* [Task item]: Among the lines below, count those with "thiết". Give the total alone.

* [Supplied records]:
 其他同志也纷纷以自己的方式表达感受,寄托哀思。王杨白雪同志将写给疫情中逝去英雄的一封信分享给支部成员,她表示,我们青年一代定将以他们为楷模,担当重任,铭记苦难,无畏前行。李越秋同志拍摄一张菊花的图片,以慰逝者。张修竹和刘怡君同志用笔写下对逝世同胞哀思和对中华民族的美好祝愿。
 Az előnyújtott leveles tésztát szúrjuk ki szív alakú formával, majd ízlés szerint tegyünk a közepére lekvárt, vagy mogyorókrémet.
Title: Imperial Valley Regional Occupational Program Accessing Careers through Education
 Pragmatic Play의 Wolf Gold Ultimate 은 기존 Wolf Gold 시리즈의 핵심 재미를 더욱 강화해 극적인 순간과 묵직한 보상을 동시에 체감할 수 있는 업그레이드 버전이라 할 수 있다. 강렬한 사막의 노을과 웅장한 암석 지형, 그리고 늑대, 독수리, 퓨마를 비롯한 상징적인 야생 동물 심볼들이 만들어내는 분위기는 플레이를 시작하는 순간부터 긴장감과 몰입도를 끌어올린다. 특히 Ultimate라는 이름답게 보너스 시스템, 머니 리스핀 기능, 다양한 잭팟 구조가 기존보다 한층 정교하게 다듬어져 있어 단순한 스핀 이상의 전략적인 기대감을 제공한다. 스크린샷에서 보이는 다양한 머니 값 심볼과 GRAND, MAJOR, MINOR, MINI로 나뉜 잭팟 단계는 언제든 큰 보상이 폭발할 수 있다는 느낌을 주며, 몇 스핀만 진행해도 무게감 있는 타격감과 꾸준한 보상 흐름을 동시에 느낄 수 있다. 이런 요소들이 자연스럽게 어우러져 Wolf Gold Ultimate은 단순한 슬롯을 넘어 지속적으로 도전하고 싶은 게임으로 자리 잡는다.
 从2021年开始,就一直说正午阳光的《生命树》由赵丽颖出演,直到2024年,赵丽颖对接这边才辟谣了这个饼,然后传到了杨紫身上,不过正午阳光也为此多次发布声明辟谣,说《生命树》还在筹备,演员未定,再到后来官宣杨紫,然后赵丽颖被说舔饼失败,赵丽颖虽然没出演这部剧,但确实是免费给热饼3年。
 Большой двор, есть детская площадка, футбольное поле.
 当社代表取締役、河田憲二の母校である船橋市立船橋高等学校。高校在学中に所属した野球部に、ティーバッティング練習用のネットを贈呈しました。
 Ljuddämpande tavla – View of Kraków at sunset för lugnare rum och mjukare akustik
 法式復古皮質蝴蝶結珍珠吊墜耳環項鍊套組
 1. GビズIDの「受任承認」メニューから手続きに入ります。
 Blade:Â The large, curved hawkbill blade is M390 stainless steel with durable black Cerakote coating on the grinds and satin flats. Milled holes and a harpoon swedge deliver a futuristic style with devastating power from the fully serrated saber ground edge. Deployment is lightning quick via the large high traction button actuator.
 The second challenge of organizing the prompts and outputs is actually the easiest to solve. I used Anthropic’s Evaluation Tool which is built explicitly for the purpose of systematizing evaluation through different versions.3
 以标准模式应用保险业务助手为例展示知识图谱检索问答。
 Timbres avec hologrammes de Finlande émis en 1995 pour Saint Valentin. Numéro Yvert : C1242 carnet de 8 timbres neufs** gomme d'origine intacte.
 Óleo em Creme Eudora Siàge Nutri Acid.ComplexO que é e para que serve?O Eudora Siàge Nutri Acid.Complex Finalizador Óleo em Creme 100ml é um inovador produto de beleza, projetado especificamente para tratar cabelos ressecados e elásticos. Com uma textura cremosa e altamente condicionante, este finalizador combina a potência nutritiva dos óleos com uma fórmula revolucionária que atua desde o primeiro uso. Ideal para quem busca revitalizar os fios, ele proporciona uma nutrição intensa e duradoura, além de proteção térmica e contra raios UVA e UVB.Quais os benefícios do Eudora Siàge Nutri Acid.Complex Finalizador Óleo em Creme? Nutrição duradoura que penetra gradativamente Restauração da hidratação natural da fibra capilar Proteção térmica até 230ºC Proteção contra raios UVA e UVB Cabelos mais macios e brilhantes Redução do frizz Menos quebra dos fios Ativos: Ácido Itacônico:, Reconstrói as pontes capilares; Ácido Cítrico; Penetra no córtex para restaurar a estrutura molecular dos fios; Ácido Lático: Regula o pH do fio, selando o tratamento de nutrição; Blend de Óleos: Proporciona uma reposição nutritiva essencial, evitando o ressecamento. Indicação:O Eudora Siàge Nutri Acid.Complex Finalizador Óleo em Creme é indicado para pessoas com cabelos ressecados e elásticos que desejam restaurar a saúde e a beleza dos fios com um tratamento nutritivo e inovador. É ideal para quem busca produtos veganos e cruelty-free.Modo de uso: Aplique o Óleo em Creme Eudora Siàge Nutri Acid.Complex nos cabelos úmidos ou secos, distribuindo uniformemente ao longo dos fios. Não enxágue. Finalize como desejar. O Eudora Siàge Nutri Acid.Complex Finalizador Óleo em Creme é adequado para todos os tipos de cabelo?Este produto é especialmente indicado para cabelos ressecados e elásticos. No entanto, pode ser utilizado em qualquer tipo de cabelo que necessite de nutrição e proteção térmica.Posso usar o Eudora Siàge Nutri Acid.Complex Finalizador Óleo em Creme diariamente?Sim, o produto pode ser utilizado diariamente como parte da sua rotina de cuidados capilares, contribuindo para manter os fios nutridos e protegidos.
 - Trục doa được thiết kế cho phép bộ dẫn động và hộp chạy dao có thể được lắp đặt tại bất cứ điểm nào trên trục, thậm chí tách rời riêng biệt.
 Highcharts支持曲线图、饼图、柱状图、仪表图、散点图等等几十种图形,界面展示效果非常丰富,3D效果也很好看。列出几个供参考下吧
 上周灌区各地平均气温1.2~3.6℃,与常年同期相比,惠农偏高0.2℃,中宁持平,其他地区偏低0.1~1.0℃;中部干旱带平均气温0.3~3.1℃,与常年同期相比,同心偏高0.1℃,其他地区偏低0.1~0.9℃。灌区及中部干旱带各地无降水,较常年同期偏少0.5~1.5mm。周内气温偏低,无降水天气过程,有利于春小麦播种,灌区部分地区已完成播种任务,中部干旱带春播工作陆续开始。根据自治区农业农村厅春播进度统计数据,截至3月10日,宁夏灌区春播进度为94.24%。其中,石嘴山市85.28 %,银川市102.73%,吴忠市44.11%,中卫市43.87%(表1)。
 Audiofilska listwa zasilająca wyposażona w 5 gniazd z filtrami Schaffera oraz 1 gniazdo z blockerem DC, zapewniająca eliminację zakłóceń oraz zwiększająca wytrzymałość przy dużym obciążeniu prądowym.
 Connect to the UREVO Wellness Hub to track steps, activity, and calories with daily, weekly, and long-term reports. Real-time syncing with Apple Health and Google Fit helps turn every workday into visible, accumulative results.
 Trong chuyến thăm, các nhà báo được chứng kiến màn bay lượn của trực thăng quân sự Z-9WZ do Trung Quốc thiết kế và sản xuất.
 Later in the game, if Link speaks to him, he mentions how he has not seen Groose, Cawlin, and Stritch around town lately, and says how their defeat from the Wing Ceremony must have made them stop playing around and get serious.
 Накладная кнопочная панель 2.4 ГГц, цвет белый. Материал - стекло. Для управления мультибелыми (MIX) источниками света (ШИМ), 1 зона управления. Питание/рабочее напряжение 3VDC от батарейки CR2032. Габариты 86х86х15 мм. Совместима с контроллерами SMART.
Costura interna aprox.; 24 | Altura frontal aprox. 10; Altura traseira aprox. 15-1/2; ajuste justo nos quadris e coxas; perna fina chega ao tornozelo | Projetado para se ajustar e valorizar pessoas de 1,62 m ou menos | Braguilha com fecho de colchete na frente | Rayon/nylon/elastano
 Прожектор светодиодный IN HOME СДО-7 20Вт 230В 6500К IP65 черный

* [Task result]: 2